** DESCRIPTION OF THE TASK **
Skip the pictures and repeat each line of the data exactly.

RECORDS FOR THE EXERCISE Block Start

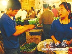 昨日早上七時(shí)至下午五時(shí),來自重慶工商大學(xué)融智學(xué)院管理系大一的八名學(xué)生,和兩位在沙區(qū)土灣模范村農(nóng)貿(mào)市場(chǎng)賣菜的小販互換角色10小時(shí),體驗(yàn)彼此生活。
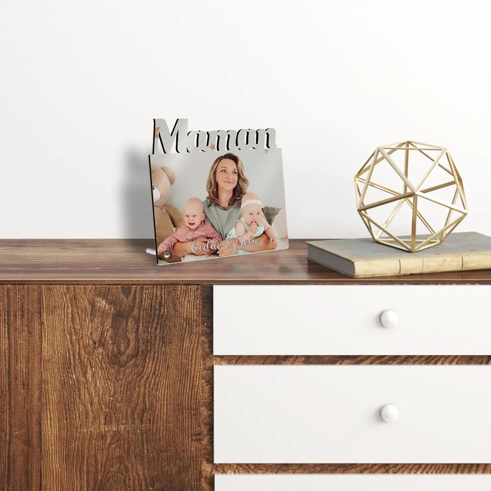 Vous pouvez personnaliser notre cadre photo maman avec une de vos photos et un message pour en faire un présent unique et durable.
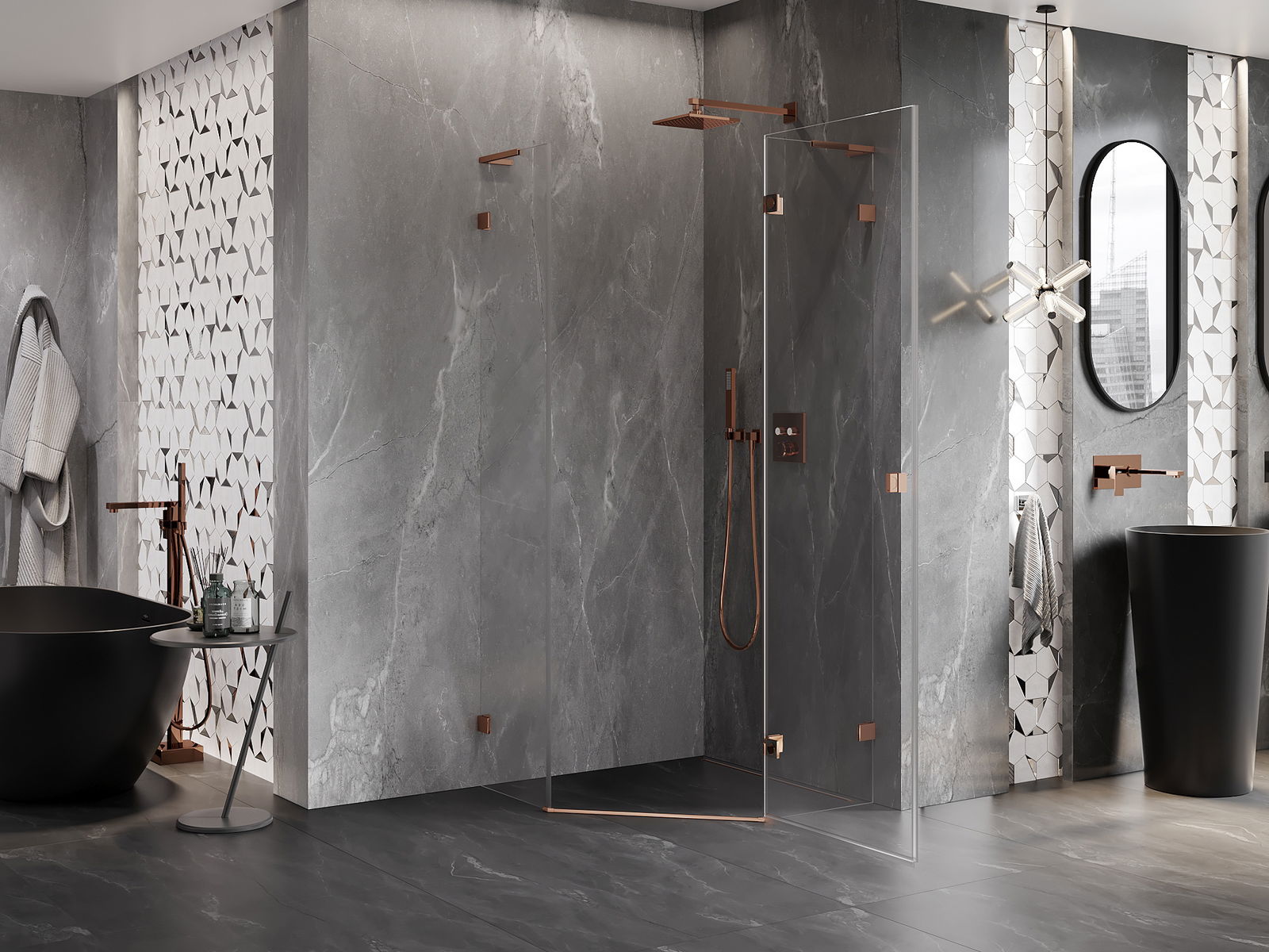 Klammor och gångjärn är gjorda av mycket hållbar mässing och bildar dessutom en inpassad glasruta. Det är ett utmärkt val som kombinerar elegans, hållbarhet och modern design. Tack vare sådana lösningar vinner duschen i estetik och underlättar samtidigt underhåll av renlighet.
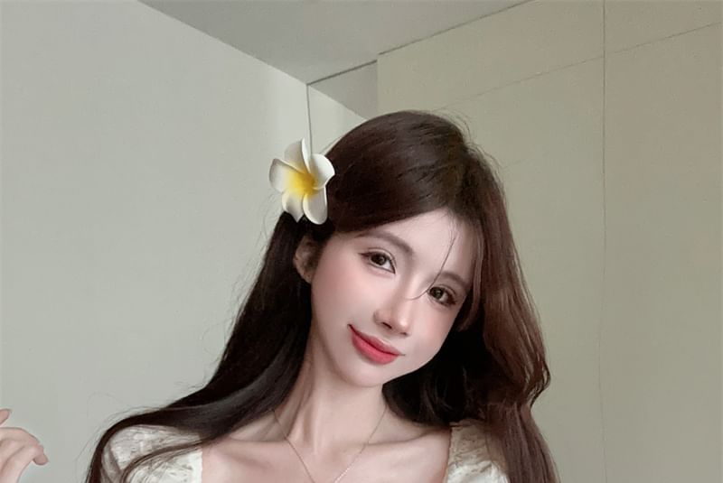 Embroidered Short-Sleeve Square Eyelet Skirt / Lace A-Line Tiered Rise Tie Neck Front High Mini Blouse
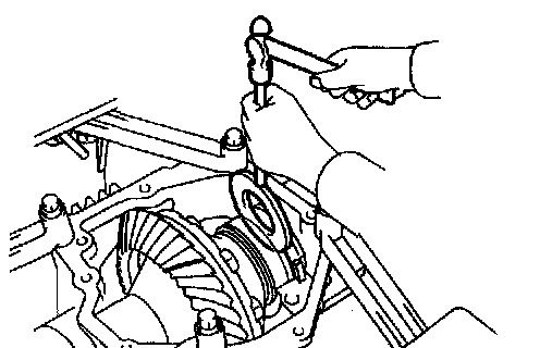 b. Using a chisel and a hammer, stake the gear nut.
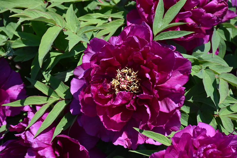 Purple Tree Peony is a multi-stemmed deciduous shrub with an upright spreading habit of growth. Its relatively fine texture sets it apart from other landscape plants with less refined foliage.
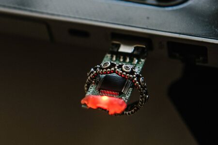 Usb Flash drive on the laptop keyboard.Dark image shot.
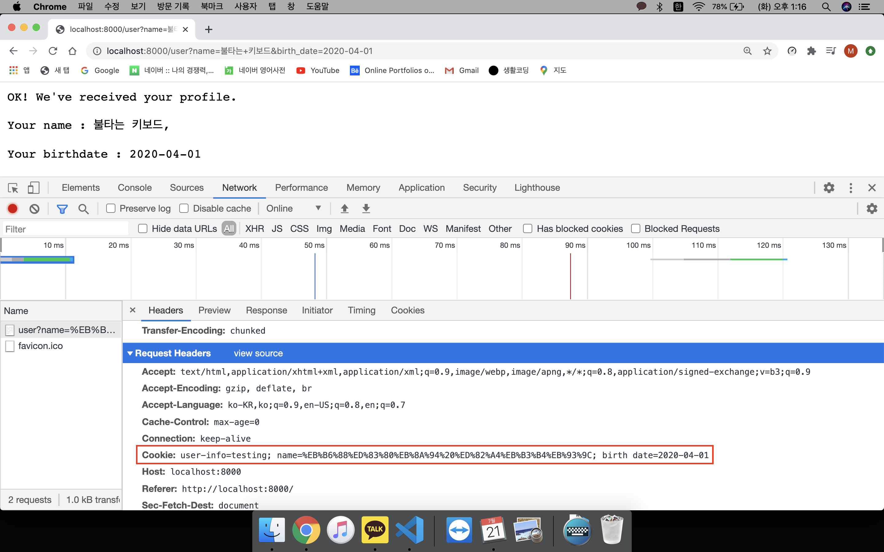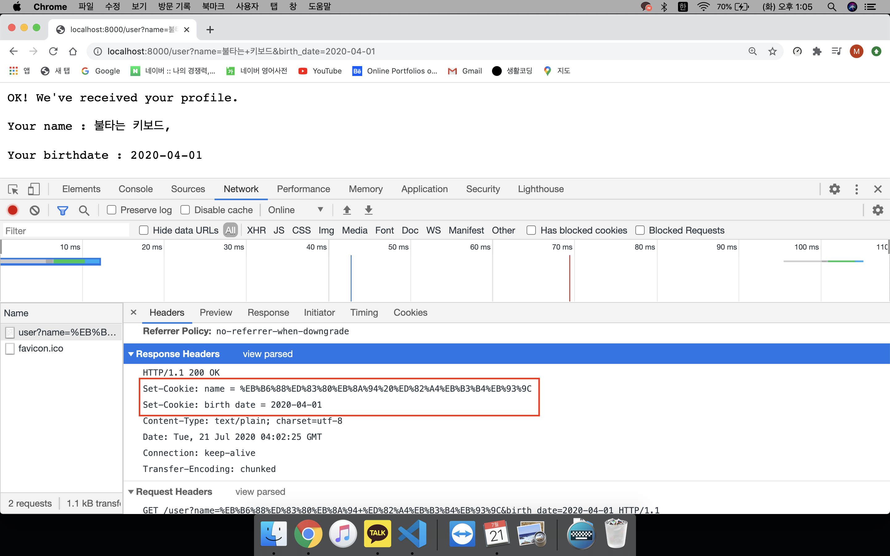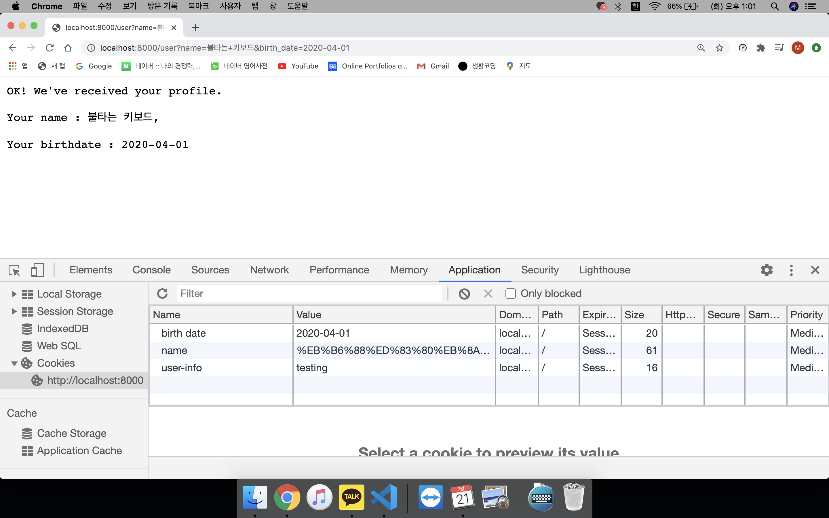 지난 part 1에서는 사용자의 이름과 생년월일 정보를 받았지만, 쿠키에는 이름만 등록을 했었습니다.
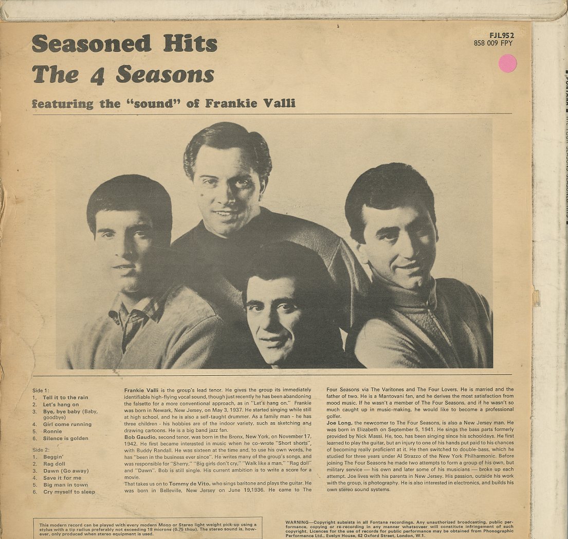 Discographie von The Four Seasons![]() Fontana SFJL.952 The Four Seasons Seasoned Hits Eintrag bei DISCOGS (extern) NL 1967, LP, US-Rock Aufnahme: Stereo Zustand: vg+ / vg (Rücks. vergilbt) u.a. Let´s Hang On, Silence Is Golden, Bye Bye Baby Preis in Euro: 6,00 € Verfügbarkeitsanfrage | ![]() Coveransicht: The Four Seasons - Seasoned Hits ![]()
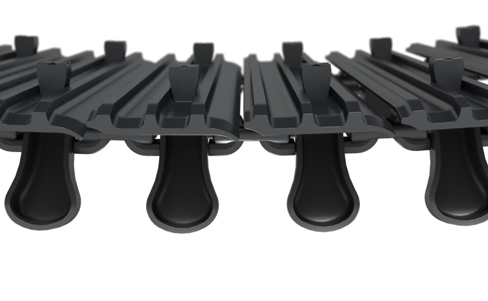 Flotec minimerar marktrycket eftersom tyngden fördelas jämnt över de raka bandplattorna. Detta ger maximal bärighet samt minimerade markskador.

RECORDS FOR THE EXERCISE Block End

** WRITTEN ANSWER **
 昨日早上七時(shí)至下午五時(shí),來自重慶工商大學(xué)融智學(xué)院管理系大一的八名學(xué)生,和兩位在沙區(qū)土灣模范村農(nóng)貿(mào)市場(chǎng)賣菜的小販互換角色10小時(shí),體驗(yàn)彼此生活。
 Vous pouvez personnaliser notre cadre photo maman avec une de vos photos et un message pour en faire un présent unique et durable.
 Klammor och gångjärn är gjorda av mycket hållbar mässing och bildar dessutom en inpassad glasruta. Det är ett utmärkt val som kombinerar elegans, hållbarhet och modern design. Tack vare sådana lösningar vinner duschen i estetik och underlättar samtidigt underhåll av renlighet.
 Embroidered Short-Sleeve Square Eyelet Skirt / Lace A-Line Tiered Rise Tie Neck Front High Mini Blouse
 b. Using a chisel and a hammer, stake the gear nut.
 Purple Tree Peony is a multi-stemmed deciduous shrub with an upright spreading habit of growth. Its relatively fine texture sets it apart from other landscape plants with less refined foliage.
 Usb Flash drive on the laptop keyboard.Dark image shot.
 지난 part 1에서는 사용자의 이름과 생년월일 정보를 받았지만, 쿠키에는 이름만 등록을 했었습니다.
 Discographie von The Four Seasons![]() Fontana SFJL.952 The Four Seasons Seasoned Hits Eintrag bei DISCOGS (extern) NL 1967, LP, US-Rock Aufnahme: Stereo Zustand: vg+ / vg (Rücks. vergilbt) u.a. Let´s Hang On, Silence Is Golden, Bye Bye Baby Preis in Euro: 6,00 € Verfügbarkeitsanfrage | ![]() Coveransicht: The Four Seasons - Seasoned Hits ![]()
 Flotec minimerar marktrycket eftersom tyngden fördelas jämnt över de raka bandplattorna. Detta ger maximal bärighet samt minimerade markskador.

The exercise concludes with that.